I'm not entirely sure what you mean by alchohol having "stood the test of time." Just because something's been around a long time, that doesn't make it okay. Shoot, even the ancients knew about its dangers, as there are examples of that in works as old as The Odyssey.

I personally don't see the difference (aside from legality) between myself having a few beers after a stressful week of work and somebody smoking a joint after a stressful week of work. We're both doing it to relax - mine is just socially acceptable. (And I know people who do this.)

Don't get me wrong. I'm not so foolish enough as to say that MJ isn't harmful, but I can think of several people whom I've personally known off of the top of my head whose lives have been ruined (or at least affected severely) by alchohol. I know people who smoke pot, but none of them have been hurt by it like the alchoholics I've known.

And again, keep in mind that this is coming from a guy who's never smoked weed and brews his own beer.

As for the medicinal uses, you might be right. However, I'm not going to be the guy to tell an AIDS patient with no apetite that he can't have a joint. Could you look at somebody like that right in the eye and say, "Oh, I'm sure that there's some legal alternative you haven't thought of"? I know I sure couldn't.

I imagine it'd be even harder to look them in the eye if they had cataracts.

I dunno, to deny these people this stuff seems obstinantly cruel.

Gary Fouse said...

I only meant that we have used for centuries and it is an accepted practice if not abused.

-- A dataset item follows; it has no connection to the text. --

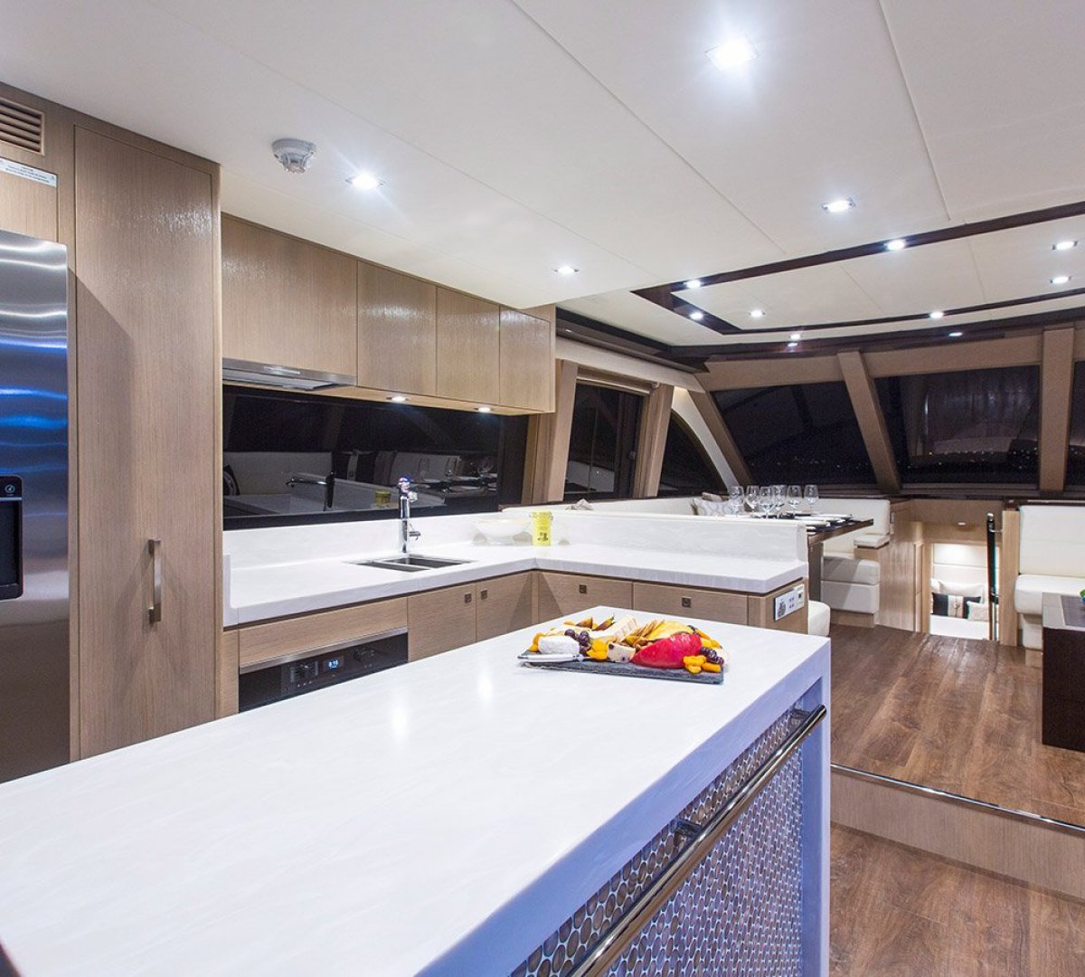 Convection Oven/Microwave, Induction 4 burner cooktop, Exhaust fan, Overhead storage lockers, Double Power Points to run from inverter, Single lever mixer tap to galley sink, Solid surface benchtop, Storage cabinets & draws below bench, Water purifier, Garbage bin, Dishwasher drawer, Amtico or equivalent flooring.

As I said, it would be a waste of time and resources to try and arrest people for using marijuan, besides, who would give you a search warrant for that purpose. I can't speak for every jurisdiction in the country, but most arrests for simple use these days are when somebody violates their parole or probation by testing dirty.

Ingrid said...

I would not compare drinking alcohol with smoking marijuana. Unless one is an alcoholic and just drinks to get drunk, most people enjoy the taste of alcoholic beverages, and drink for that reason. There are so many different tastes to enjoy, and used sensibly, give great pleasure.
Marijuana doesn't even taste good, and people smoke it only to get high, not because they enjoy the taste. Now, for medical reasons I agree it should be available and as far as I know, it is. In my lifetime I've known drunks and I've known potheads. Neither ones are fun to be around.